• _Material for this exercise_:
>>>>>

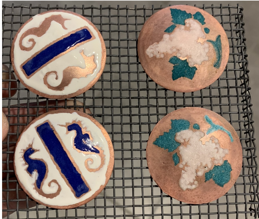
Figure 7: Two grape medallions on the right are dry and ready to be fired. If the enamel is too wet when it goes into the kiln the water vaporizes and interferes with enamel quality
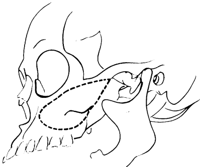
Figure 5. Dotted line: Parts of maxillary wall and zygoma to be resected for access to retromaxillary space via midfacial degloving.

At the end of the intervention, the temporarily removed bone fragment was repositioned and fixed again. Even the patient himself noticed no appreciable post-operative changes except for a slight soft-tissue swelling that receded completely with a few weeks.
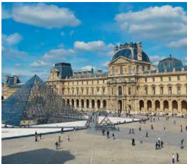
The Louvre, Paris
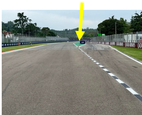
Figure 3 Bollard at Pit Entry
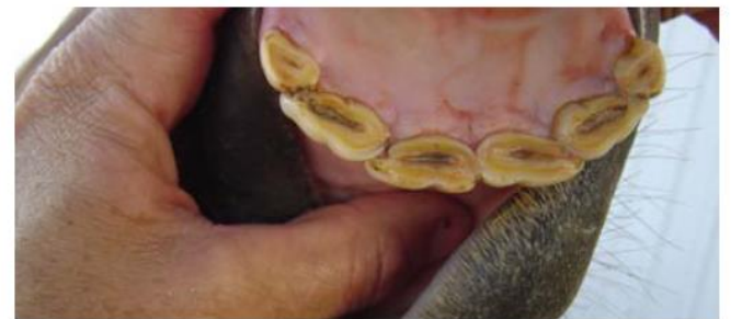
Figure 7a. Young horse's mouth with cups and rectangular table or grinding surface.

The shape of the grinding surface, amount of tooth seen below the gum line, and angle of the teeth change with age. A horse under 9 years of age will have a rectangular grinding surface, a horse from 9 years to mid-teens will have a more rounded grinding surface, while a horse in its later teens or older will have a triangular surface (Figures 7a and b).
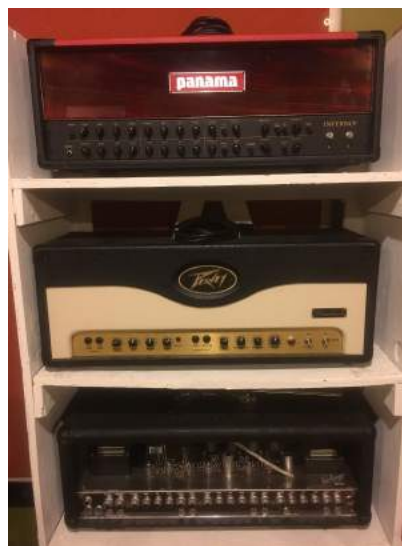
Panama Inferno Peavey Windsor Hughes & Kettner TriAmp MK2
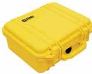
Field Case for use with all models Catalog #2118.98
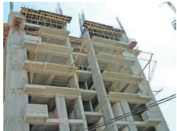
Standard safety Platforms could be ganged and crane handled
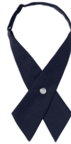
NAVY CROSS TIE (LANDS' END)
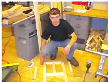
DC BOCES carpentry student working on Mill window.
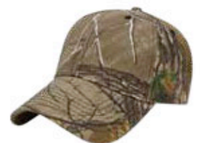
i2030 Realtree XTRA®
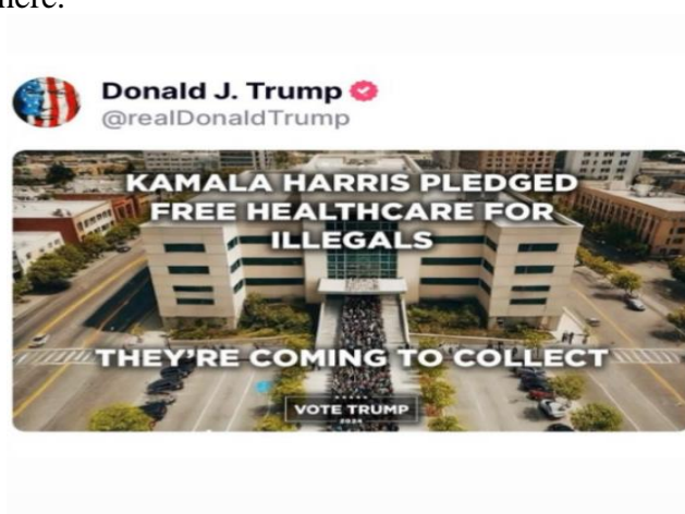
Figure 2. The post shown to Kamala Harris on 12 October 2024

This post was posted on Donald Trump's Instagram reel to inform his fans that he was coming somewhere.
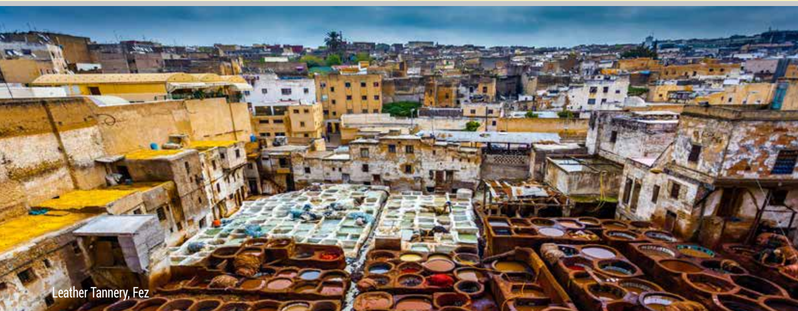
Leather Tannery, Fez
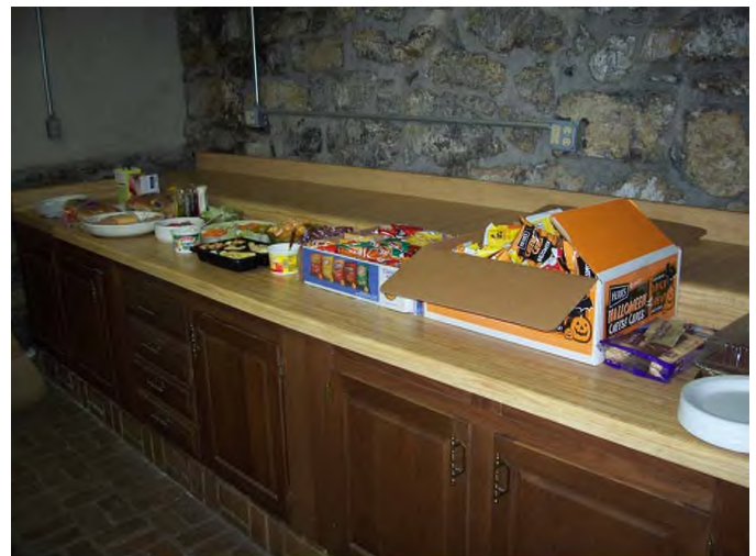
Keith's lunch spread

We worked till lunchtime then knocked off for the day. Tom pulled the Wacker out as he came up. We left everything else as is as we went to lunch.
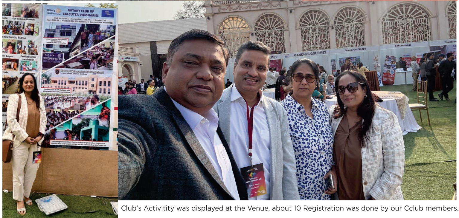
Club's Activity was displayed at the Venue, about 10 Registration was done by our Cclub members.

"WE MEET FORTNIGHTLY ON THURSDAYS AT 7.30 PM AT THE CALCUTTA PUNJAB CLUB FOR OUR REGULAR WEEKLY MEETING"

<<<<<
>>>>>

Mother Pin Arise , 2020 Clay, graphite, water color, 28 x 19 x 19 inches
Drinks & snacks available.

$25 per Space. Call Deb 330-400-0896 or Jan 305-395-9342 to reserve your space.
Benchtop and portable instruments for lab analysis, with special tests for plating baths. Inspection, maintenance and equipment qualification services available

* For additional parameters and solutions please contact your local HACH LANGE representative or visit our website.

<<<<<
>>>>>

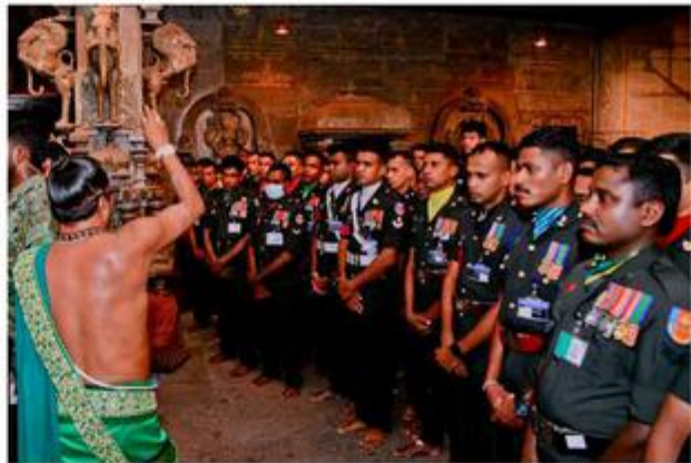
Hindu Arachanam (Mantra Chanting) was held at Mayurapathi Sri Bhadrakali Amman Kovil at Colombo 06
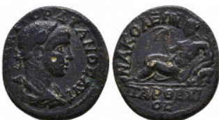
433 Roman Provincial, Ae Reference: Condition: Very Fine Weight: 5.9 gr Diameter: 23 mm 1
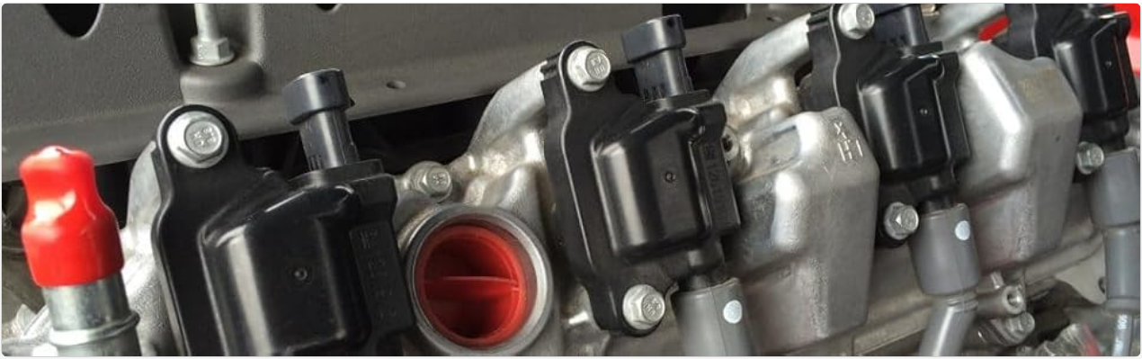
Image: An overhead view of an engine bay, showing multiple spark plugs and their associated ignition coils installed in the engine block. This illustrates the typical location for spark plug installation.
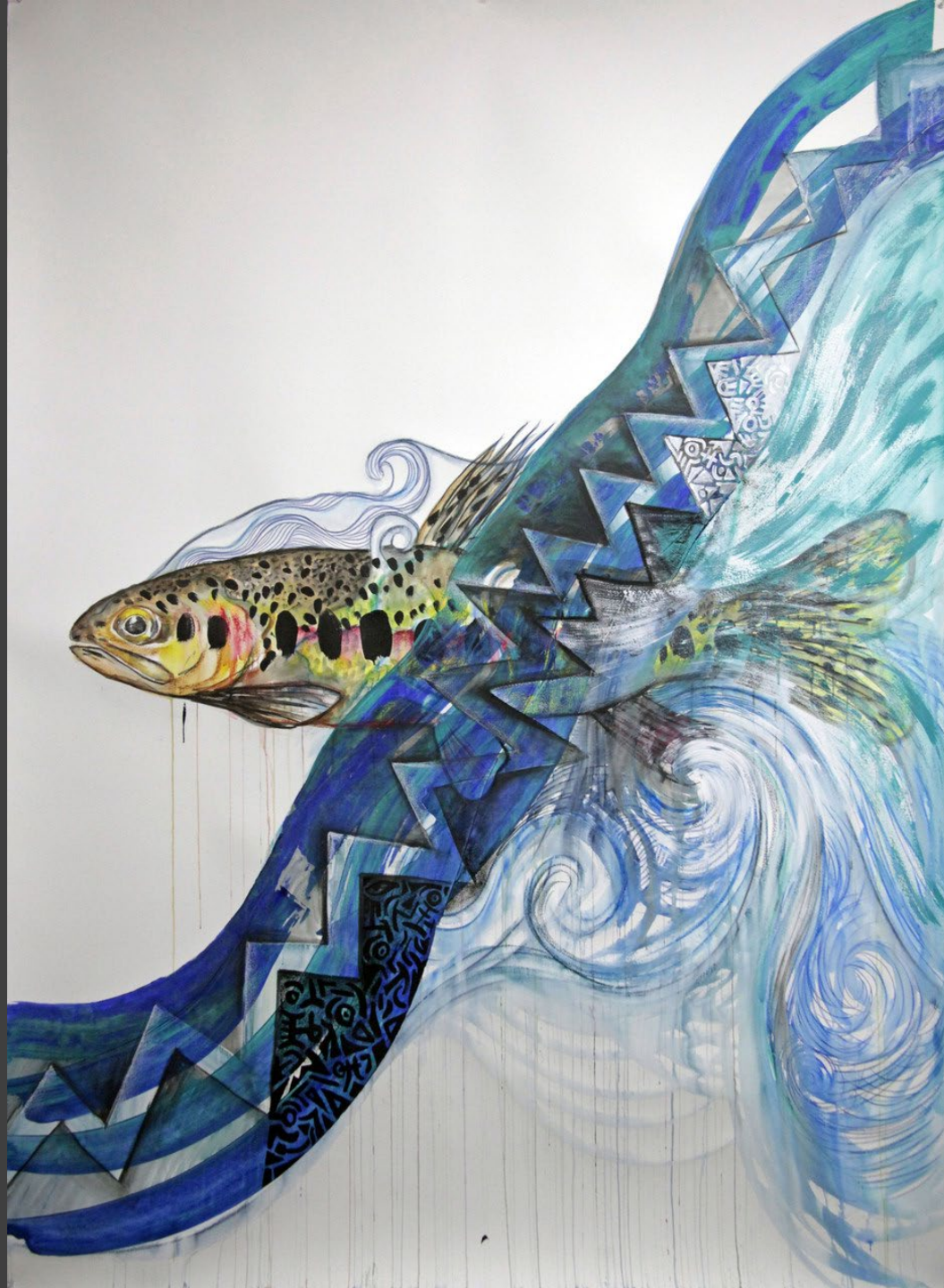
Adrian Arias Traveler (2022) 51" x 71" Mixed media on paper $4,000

<<<<<

• _Goal of the exercise_:
Only one stretch of the data is wanted: write out exactly the lines from the one holding "Figure 7: Two" through the one holding "Figure 5. Dotted", both included, without the pictures.

• _Task solution_:
Figure 7: Two grape medallions on the right are dry and ready to be fired. If the enamel is too wet when it goes into the kiln the water vaporizes and interferes with enamel quality
Figure 5. Dotted line: Parts of maxillary wall and zygoma to be resected for access to retromaxillary space via midfacial degloving.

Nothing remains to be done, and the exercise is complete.